What does the term "craft beer" mean to you? Does it evoke images of crusty, bearded men over rusty antique vats and hand-stirred mash? If it does, and you go out to buy a case of Blue Moon, the joke's on you.
The use of the terms "craft beer," "artfully crafted," and other such marketing terms was at the center of Evan Parent's class action lawsuit against MillerCoors ("MC"), the giant Mega-Brewery.
The counts Parent brought against MC included deceptive and misleading advertising under California Statutes and Professional Business Code. Parent alleged that MC had no business labeling its Blue Moon brand of beers "Craft Beer" or "artfully crafted" because the way in which is manufactured -- not crafted -- doesn't even come close to the Brewers Association (BA) definition of the term. The condition for labeling a beer craft under that standard are: fewer that 6 million barrels produced annually, the brewer must be a majority stakeholder, and the beer must be made using only "traditional or innovative brewing ingredients." You'll notice how this list isn't vague at all ... of course not.

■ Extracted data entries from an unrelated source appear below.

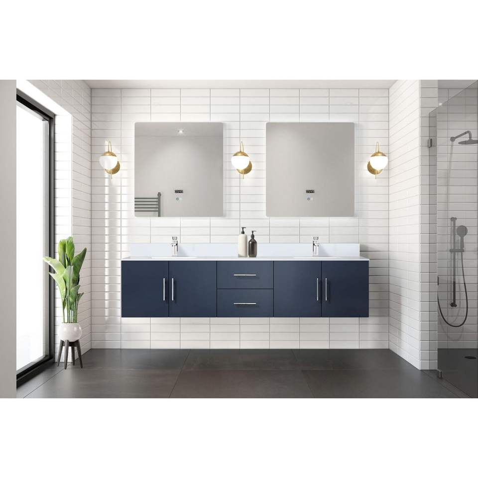 Blu navy 80 pollici. L X 22 Pollici Mobile bagno doppio con piano in marmo colato da 30 pollici Set di Specchi LED e Rubinetti per Mobili da Bagno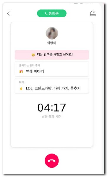 정말 색다른 친구사귀는 어플인것 같다. 대화친구를 찾아줌으로써 바로 보이스톡을 할 수 있다. 문자메시지로 채팅을 하는것이 아닌 통화를 통해서 상대방 목소리를 들으면서 대화가 가능하다.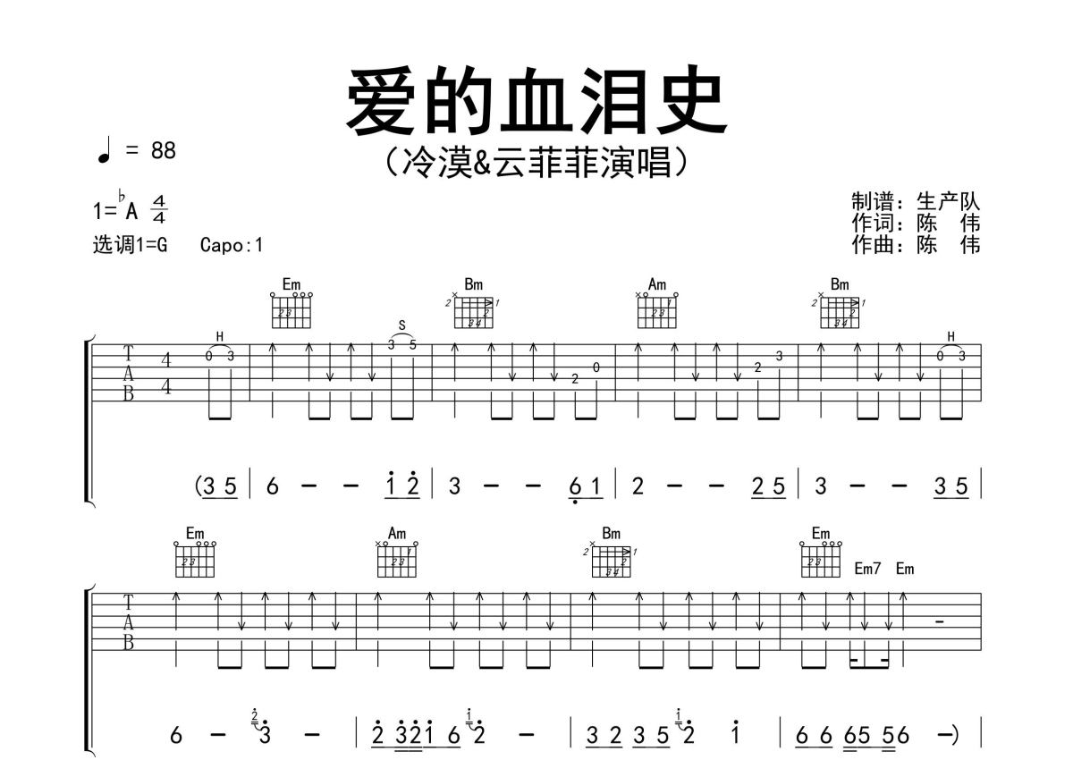 曲谱介绍: 冷漠&云菲菲《爱的血泪史》吉他弹唱谱,采用G调指法编配精编完美版,生产队编配出品,共有3张高清图谱。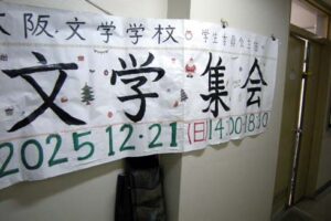 学生委員会主催の“12/21文学集会2025”。そのPRのために大型の横断幕を廊下に張り出しました★【クラスからの模擬店】を募集中!★第2教室に張ってある【模擬店一覧表】に記入を!

Plaintiffs alleged that the labeling was an intentional move by MC to distance Blue Moon from its other appreantly "non-craft" brands like Coors -- even though Blue Moon is made in the very same plant as its lower priced brethren.

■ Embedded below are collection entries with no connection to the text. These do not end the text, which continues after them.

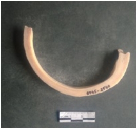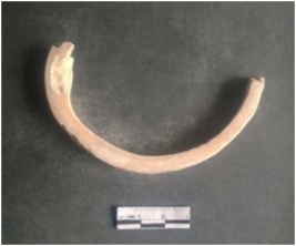 | Description / विवरण | This is a shell circlet fragment with two broken ends. Unfinished and unpolished with cut edges. Possibly either it is a raw material or waste product in the manufacturing unit. |
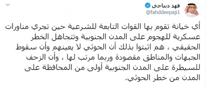 وكتب ديباحي عبر تغريدة له على "تويتر" رصدها " المشهد العربي" :"أي خيانة تقوم بها القوات التابعة للشرعية حين تجري مناورات عسكرية للهجوم على المدن الجنوبية وتتجاهل الخطر الحقيقي".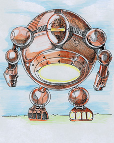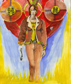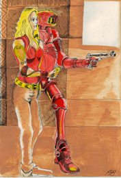 One lunged at Grace 13 but she managed to squeeze a shot into its chest. The mirco-charge burrowed into the breast plate and found a home in the iron sternum before the core melted. It was ten feet from her when the thing blew. She covered her eyes and choked back the tears. Emotion washed over her such was their way. The red robots had a sorrow program which emitted after their deaths. They instilled remorse in the souls of their destroyers. She reloaded the old pistol as the other two came for her. Thirteen just saw two silhouettes through her tears. Arms shaking now as they swooped in for the kill, yellow eyes listening sickly, pink beaks tapping against their breast plates. She sobbed dropping a charge in the sand. Sorrow washing over her now. Grace13 dropped and scuffed her knees. "Goodbye little girl." The leader said. She remembered it all now, like a bad dream. It had no arms, just sockets and ball joints swivelling in the shoulder units. The charge slid into the gun chamber, 13 wiped tears from her eyes and fired. It sailed through the air and... Missed. Blue sky received the deadly gift and it imploded, a firecracker in the air. Robot stopped a mere three feet from 13 and she looked up through the strands of her golden hair. Grace13 couldn't cry now, the tears were locked deep within her but her heart felt like it would implode as she looked into the droid's photoreceptors and inside she saw herself. Saw her own face looking back, eyes moist with what could be and what should be. Unfairness she saw in her face. Her contorted face. Shaking hands dropped the pistol in the sand and the storm which blew from the droid's VTOL engine buried it in a little pit. She felt around for it like a kid at school playing in the sand pit, alone wishing that friends would come for her and take her away from all this solitude. But they never did so she would walk around the playground alone, sulking. Standing out from the crowd and suffering for her loneliness. She saw all this in the droid's eyes and still it hovered there waiting until she reached the point of despair. Then it would give her the option. Grace 13 reached out and touched the smooth red skin of the metal beast. It held no heat for her. There were little pit marks in its chrome surface where biting winds had eroded the paint work. She tried to block the hypnotic stare of the eyes which even now were changing to a sickly green hue. It reminded her of Kim Novak emerging from the bathroom in Vertigo and James Stewart's face as he finally accepted the ghost of his past. Just as she now was accepting the ghost that came for her soul.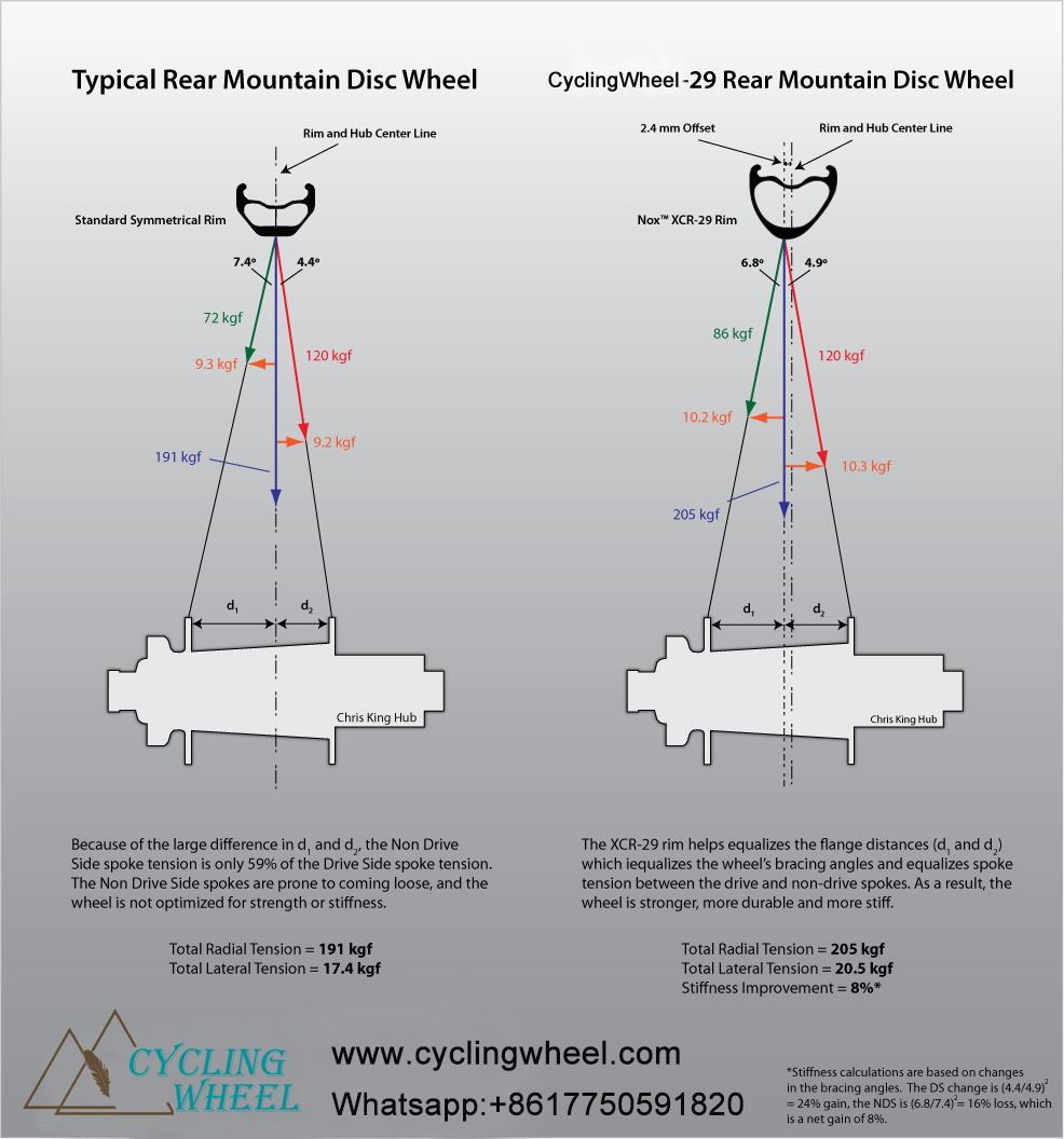 Asymmetry carbon rims can adjust the drive side and non drive side weight to balance.Mostly the drive side (especially for the rear wheel) because with cassette body and freehub chain etc,the weight is heavy a bit than none drive side,so we development the asymmetry carbon rim to adjust the wheel more than in the center.That means the rider can get more smooth,more balance of wheel.

Judge Curiel was not convinced and was persuaded by MC's counter that no reasonable consumer could have been misled by MC's use of term "craft beer" and "artfully crafted" because the Brewer's Association definition did not apply and there is no applicable standard. Thus, the court dismissed the case.

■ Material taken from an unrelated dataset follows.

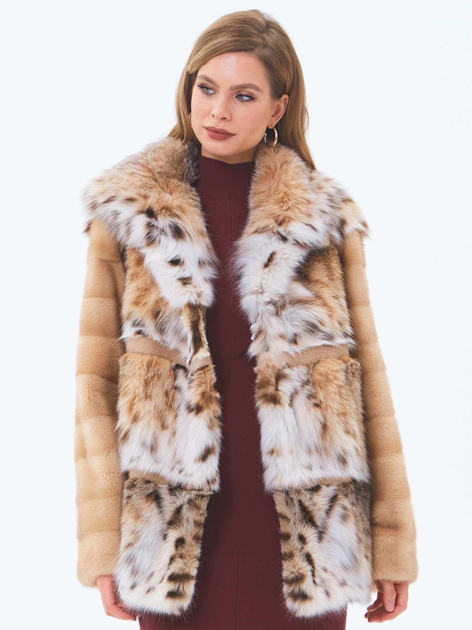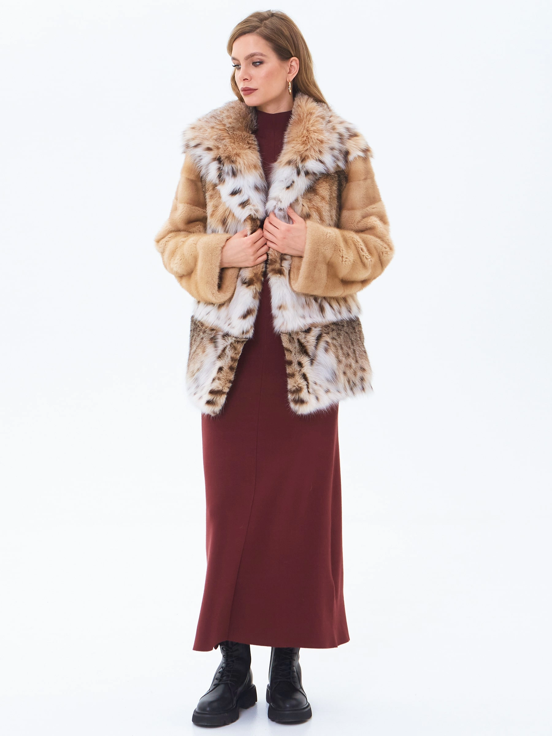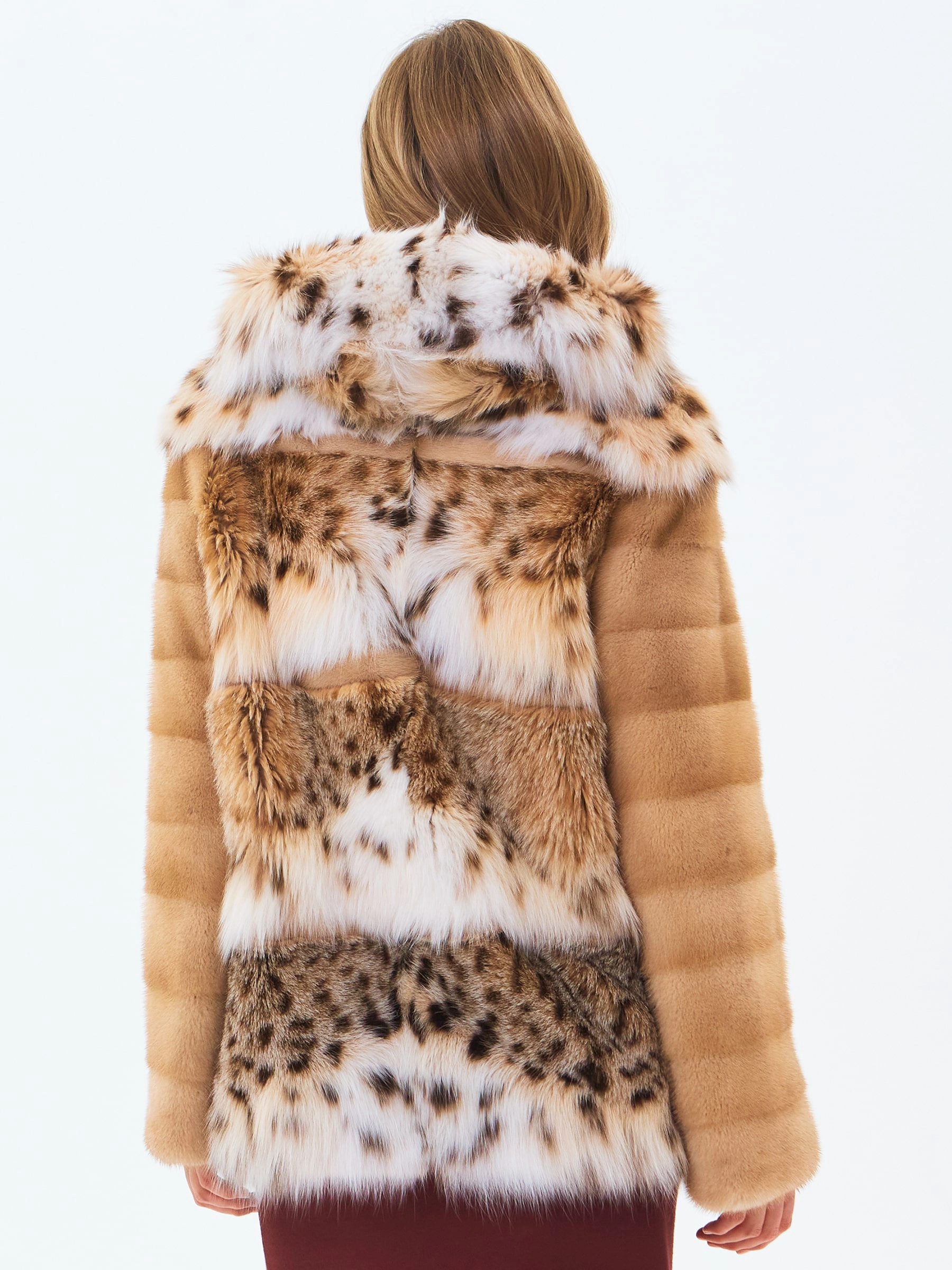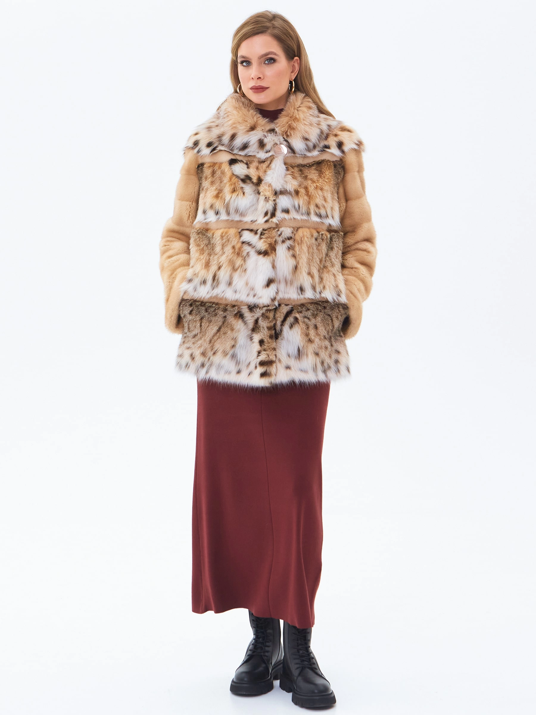 Женская шуба из рысевидной кошки с капюшоном премиум-класса нежного бежевого цвета, воплощение эксклюзивной роскоши и безупречного вкуса для холодной зимы. Короткую модель длиной 70 см выполнили из нежного меха норки в комбинации с мехом рысевидной кошки, который дарит выразительную пятнистую фактуру и благородный объем, а прямой классический крой с втачным рукавом обеспечивает идеальную посадку по фигуре. Глубокий объемный капюшон защищает от ветра и позволяет обойтись без головного убора, два врезных боковых кармана добавляют практичности, а удобная застежка на металлические клипсы и подкладка из смесовой ткани гарантируют комфорт. Совет стилиста: комбинация мехов делает эту шубу главным акцентом образа - носите ее с лаконичной базой в бежевых, молочных или серых тонах, позволяя уникальной фактуре быть главным героем.

Further, Judge Curiel likened "artfully crafted" to an unchallengeable statement of fact tantamount to marketing puffery.
Judge Curiel has given plaintiffs 30 days to amend their complaint to try again with further evidence of MC's alleged deception.
This case highlights a number of troubling aspects about the vintage/craft/artisan culture that has become oh-so chic these days. Even if the Brewers Association definition of "craft beer" were found to apply, a beer could likely be made traditional or innovative by slightly tweaking the methods of production.
Also, although Judge Curiel's decision is well reasoned, it is troubling that MC's argument held water in court. "Craft beer" and "artfully crafted" may not have a mathematically defined standard, but it very definitely does not say to a consumer that a particular beer is made in the same manner as Coors. And MC and other companies know this. Companies make their money in that nebulous region between stretching of truth and bold-faced lying.
MillerCoors' argument about "craft beer" is really a statement about either consumers' inability to discriminate good quality from bad, or the consumers' willingness to be bamboozled. Maybe both.